Four NGO workers seized in Iraq

Armed men have abducted two Italians and two Iraqis working for a non-governmental organisation (NGO) in Baghdad.

Simona Torretta was one of two Italians abducted

The armed attackers stormed a building where the offices of NGO A Bridge to Baghdad were located in the capital’s central on Tuesday and kidnapped two Italian women and two Iraqi support staff, witnesses said.

 

A spokesman for the aid group named the two Italians as Simona Pari and Simona Torretta.

 

“Two Iraqis were also seized by the gunmen. The woman is called Mahnaz Bassam.
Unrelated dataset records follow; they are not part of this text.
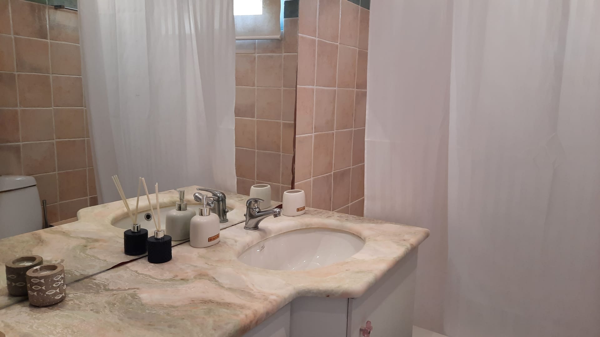 There is a wide staircase, and also an internal elevator, that takes you to the first floor, where you find two large bedrooms, both with en-suites; one is a bathroom, the other is a shower room. Both these light-filled rooms have incredible views to the sea, and doors that open directly on to a large roof-top terrace. Two further bedrooms and another bathroom are located in the semi-basement, which has direct access to the garden and pool area. It is here you’ll also find a small sitting area with a convertible sofa bed, and the laundry room.
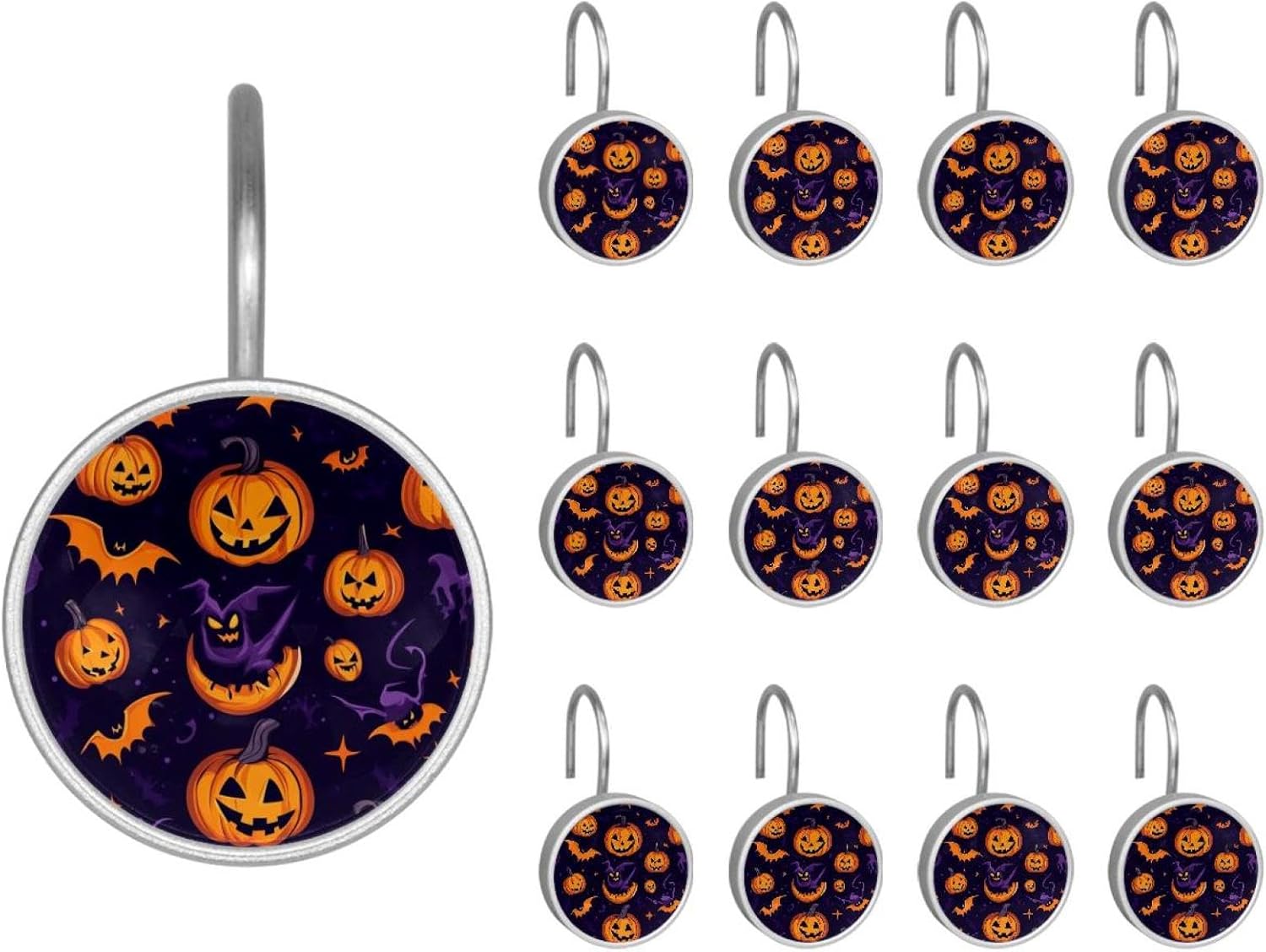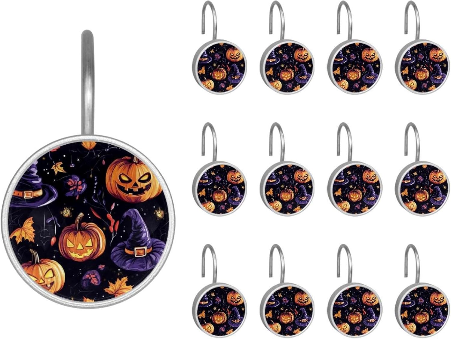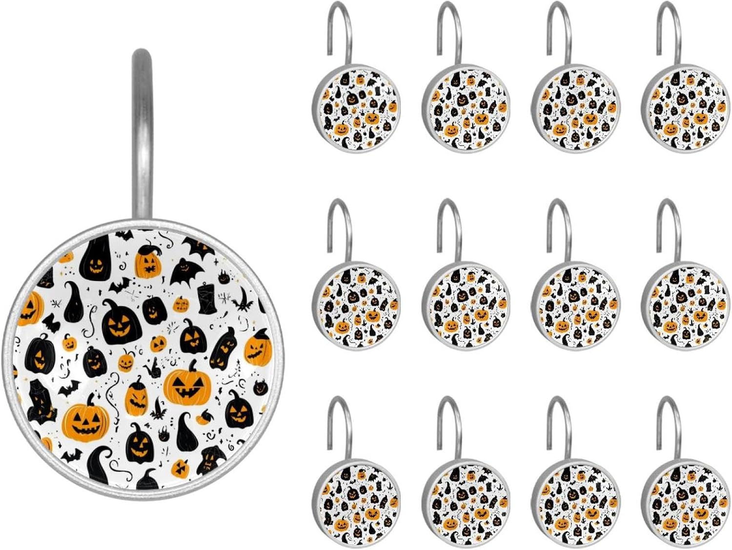 MATERIAL: glass, stainless steel. These shower curtain hooks can be decoration bathroom and will be long-lasting.12 pieces of shower curtain hooks, round crystal glass decoration, printed patterns, silver hooks to match various styles of bathroom shower curtains. SIZE: Crystal glass diameter of round shower curtain hook is 1.45x1.45in/ 3.7x3.7cm. The shower curtain hooks diameter is about 1.1in, 12 pieces shower curtain hooks are suitable for rod of 8-28mm(0.3"-1.1"). RUST RESISTANT:Shower hooks are made of stainless steel and crystal glass, which is durable, rust-proof and corrosion-resistant, it will not rust suitable for wet bathroom environment. EASY TO INSTALL:Hand the shower curtain hooks hold securely on straight or curved shower curtain rods,slid easily and smoothly. Easy to install and decorate your bathroom. BEAUTIFUL AND ELEGANT:Beautiful Love hook add charming scenery for your bathroom, baby room, bedroom, living room, and the gorgeous style is easy to match with any kinds of bathroom shower curtain. EASY GLIDE: Open and close your shower curtain quickly and easily with the Shower Hooks, easily glides on shower curtain rods and tension rods. No snagging; no effort; no hassle PACKAGE: 12 shower curtain hooks in a pack.The bathroom curtain hook has a smooth appearance and can be hung on the pole to pull it at will. Special price 12 sets to meet your needs.
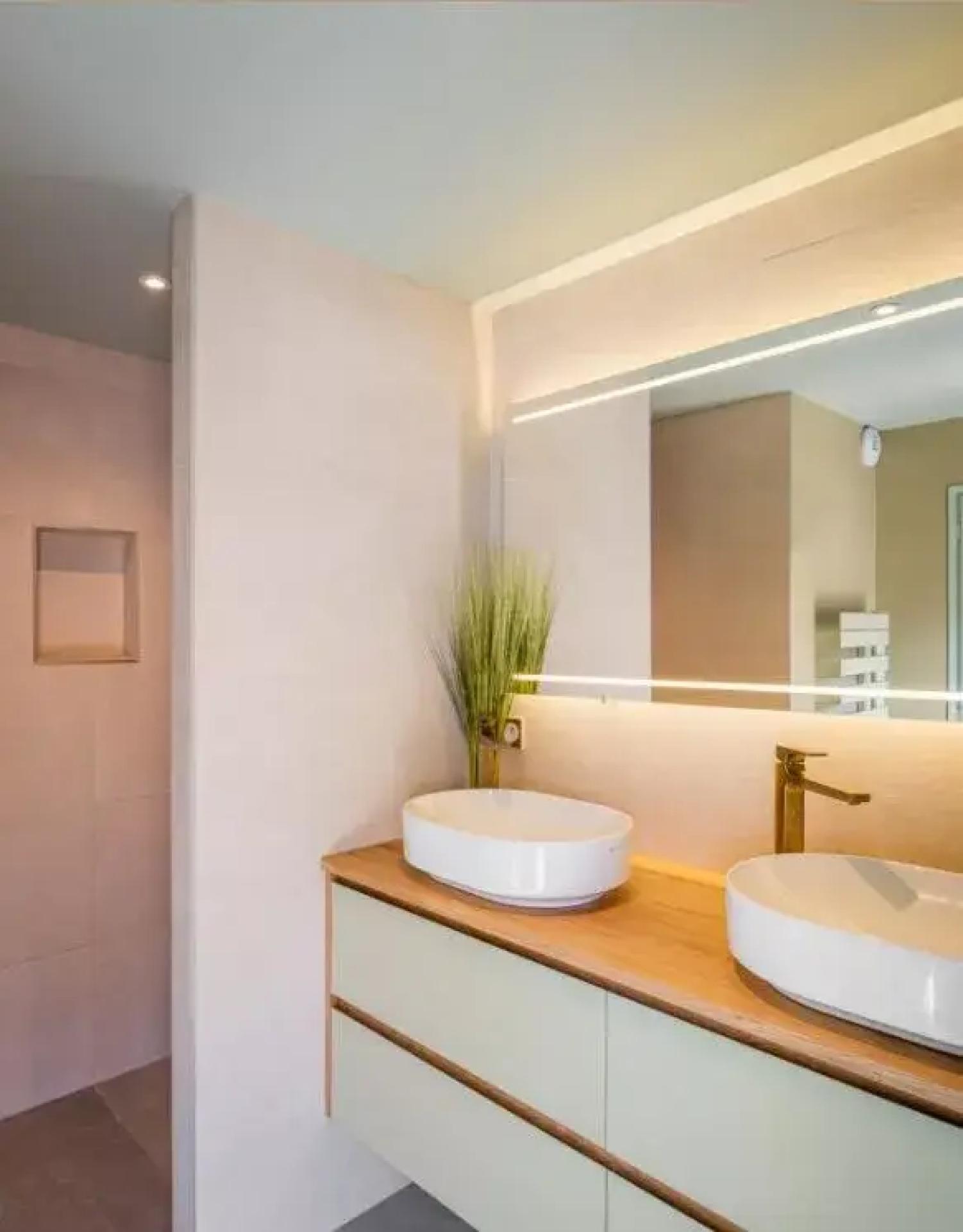 Le mobilier sur-mesure est aussi la solution idéale pour les pièces aux dimensions complexes ou pour répondre à des besoins très précis. Par exemple, dans une salle de bain exiguë, un meuble intégré combiné à des rangements permet d’optimiser chaque centimètre sans surcharger l’espace visuellement, comme l’on peut le voir avec un de nos projet, ou un meuble sur-mesure à été crée afin de s’adapter parfaitement à la largeur entre les 2 murs !
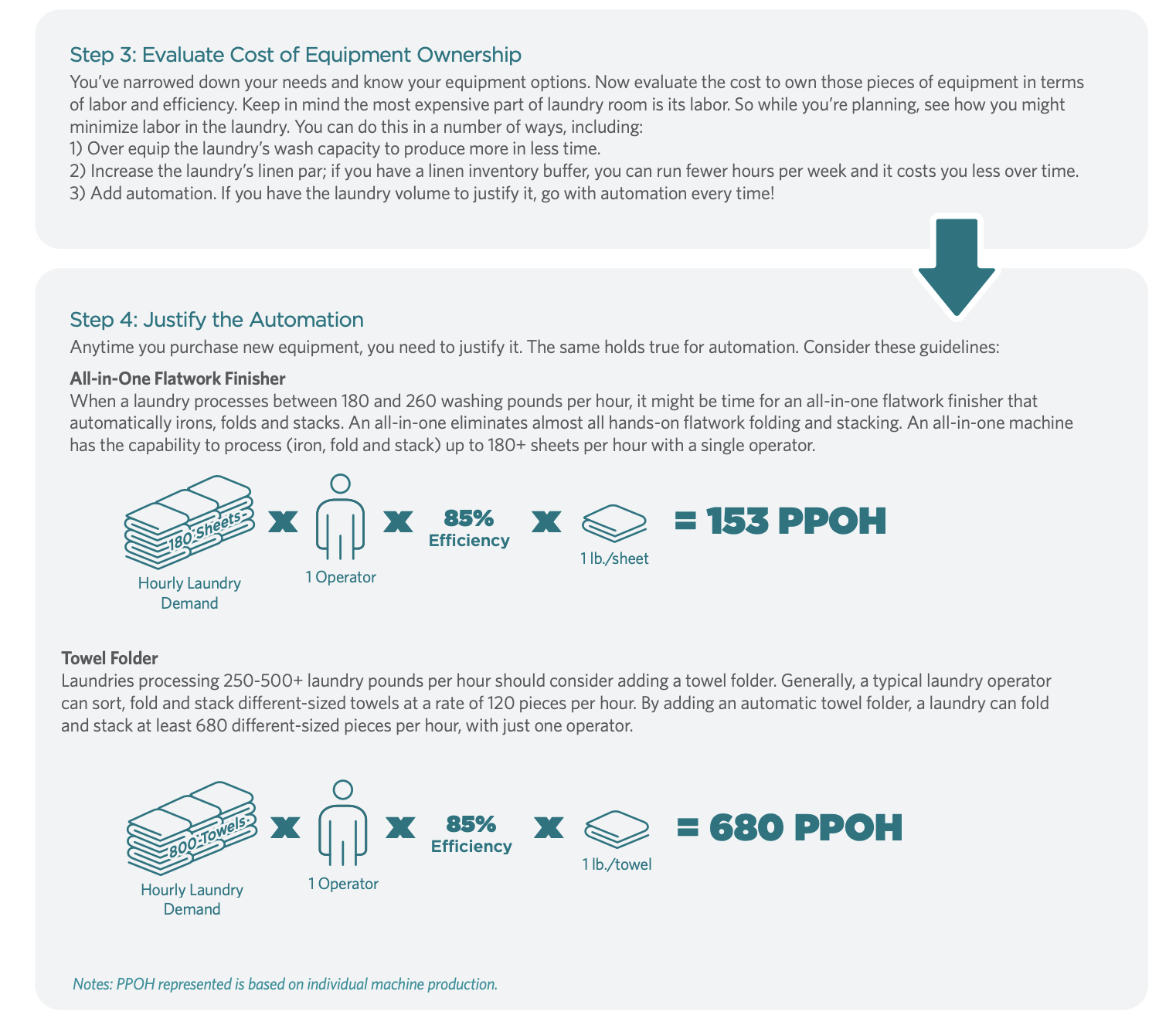 All industrial, commercial and on-premise laundries process different items, utilize different pieces of equipment, strive toward unique quality goals and operate at varying levels of efficiency. When it comes to purchasing new equipment or replacing old equipment, proper sizing is critical. Before you do anything, reach out to your equipment distributor and begin a dialogue. The best way to properly size a laundry, and its equipment, is through back-and-forth conversations on the type and number of items being laundered, the laundry’s hours of operation, labor required, space available and ownership costs. By considering all the variables, you’ll select the best equipment to suit your needs, now and into the future.
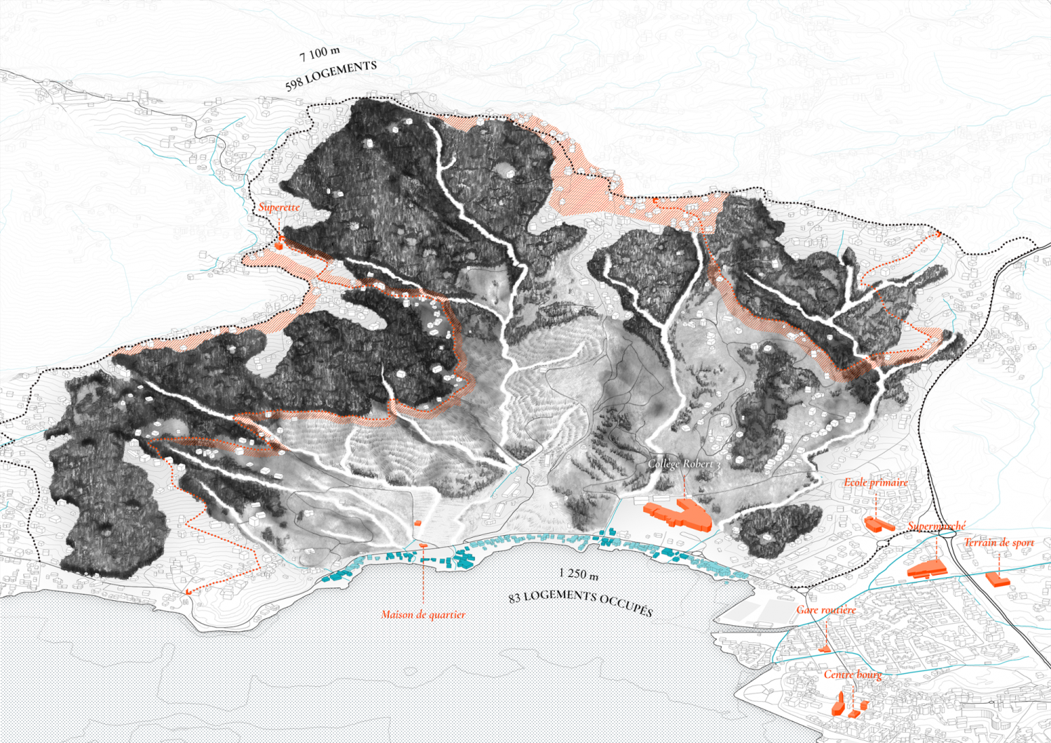 La commune du Robert, se déployant entièrement autour de sa baie, a connu une urbanisation récente majoritairement orientée vers le littoral. Cette situation a priori privilégiée se révèle toutefois être un lieu de concentration des aléas et des dynamiques naturelles liées à l’eau et au sol. Il semble aujourd’hui difficile de concilier un développement urbain littoral tout en garantissant la sécurité à long terme des populations exposées aux aléas naturels. Au-delà des risques pour l’homme, l’urbanisation de la commune du Robert entraîne aujourd’hui une pression importante sur le milieu fragile de la baie, véritable support de vie et d’activité pour la commune. En effet, l’urbanisation du fond de baie a progressivement canalisé, parfois obstrué, les embouchures des différentes rivières qui se jettent dans la baie. Si ce milieu entre terre et mer est particulièrement riche et attractif, il est aussi très vulnérable. La proposition envisagée pour répondre à cette étude est la suivante : assurer les continuités écologiques entre rivières et baie tout en accompagnant le déplacement des populations menacées le long des lisières bordant chaque bassin versant. En privilégiant une lecture attentive du territoire, de sa géographie, de ses paysages, de ses habitats, l’étude entrevoit dans la question des risques l’opportunité de remettre l’eau au centre de tous les regards. Face aux difficultés liées à la question de la relocalisation des personnes exposées aux aléas naturels, à court comme à long terme, nous avons souhaité apporter des réponses qui s’inscrivent dans les manières si particulières d’habiter la baie du Robert ; en permettre la perpétuation tout en accompagnant leur métamorphose patiente.

She is an Iraqi and worked for Intersos for more than a year,” Dr Nino Sergi, secretary general of Italian aid group Intersos, told Aljazeera.net

 

“She was trying to develop NGO relations in Baghdad. These workers were trying to help the Iraqi people, nothing else.”

 

Quick operation

 

Iraqi journalist Abd Allah Khudair told Aljazeera: “The operation only took five minutes.

 

Some 20 armed men raided the building in five minutes
Some 20 armed men raided the building in five minutes

Some 20 armed men raided the
building in five minutes

“A three-car force broke into the organisation’s building and tied the hands of one of the staff and threw the others on the floor.

 

“The militants asked the names of the staff until they reached Simona Pari and the office head, Simona Torretta, who were captured by the militants,” Khudair added.

 

“It appeared it was totally professional. It appeared they knew exactly who they wanted to abduct,” said one witness who declined to be named.

 

Witnesses said about 20 men with AK-47 assault rifles and pistols fitted with silencers stopped their vehicles in broad daylight in a busy commercial area of Baghdad and raided the building.

 

In Allawi’s name

 

Khudair said: “The kidnappers spoke on behalf of the Iraqi government, in fact on behalf of Dr Iyad Allawi.”

 

However, Dr Sergi denied that Iraqi government forces had anything to do with the kidnapping.

 

“There is no way I believe the kidnappers are Iraqi government forces. Absolutely no way,” he told Aljazeera.net.

 

“The kidnappers spoke on behalf of the Iraqi government, in fact on behalf of Dr Iyad Allawi”

Abd Allah Khudair,
Iraqi journalist

Guards told Khudair that the kidnappers wore military clothes and carried “strange” rifles.

 

The armed men allegedly dragged the Iraqi woman away by her hair. “She was screaming,” a witness said.

 

Jean-Dominique Bunel, an official from a committee that groups together aid organisations in Iraq, said he saw two well-dressed men with guns enter the building and take away the hostages.

 

“The guards were unarmed and they did nothing,” he added.

 

Imams’ appeal 

 

Four Iraqi religious leaders appealed for the release of the aid workers. 

 

The plea was issued in Milan by Muhammad Bashar Sharif al-Faidhi of the Association of Muslim Scholars (AMS), a leading Iraqi Islamic authority, Muhammad and Jawad Mahdi al-Khalisi from the Iraqi reform council, and Shlemon Wardnuni, the Catholic bishop of Baghdad. 

 

“In the name of God the merciful, in the name of all the
religious clerics meeting here in Milan … we urge the kidnappers to release immediately and without pre-conditions the two Italians – who were working in the interest of Iraq and the Iraqi people – and their Iraqi colleagues,” the four religious leaders said.

 

Aid workers

 

The Italian women were involved in an aid initiative aimed at boosting school attendance in Basra and Baghdad, including in the capital’s Sadr City slums, home to nearly two million Shia.

 

An official at the Italian embassy said they had no immediate information on the kidnappings.

 

However, Aljazeera.net has learned Italian government officials were holding emergency meetings in Rome.

 

A Bridge to Baghdad is a volunteer association established after the end of the 1991 Gulf War, to promote humanitarian aid to Iraq and to fight an economic embargo imposed on the country when Saddam Hussein was president.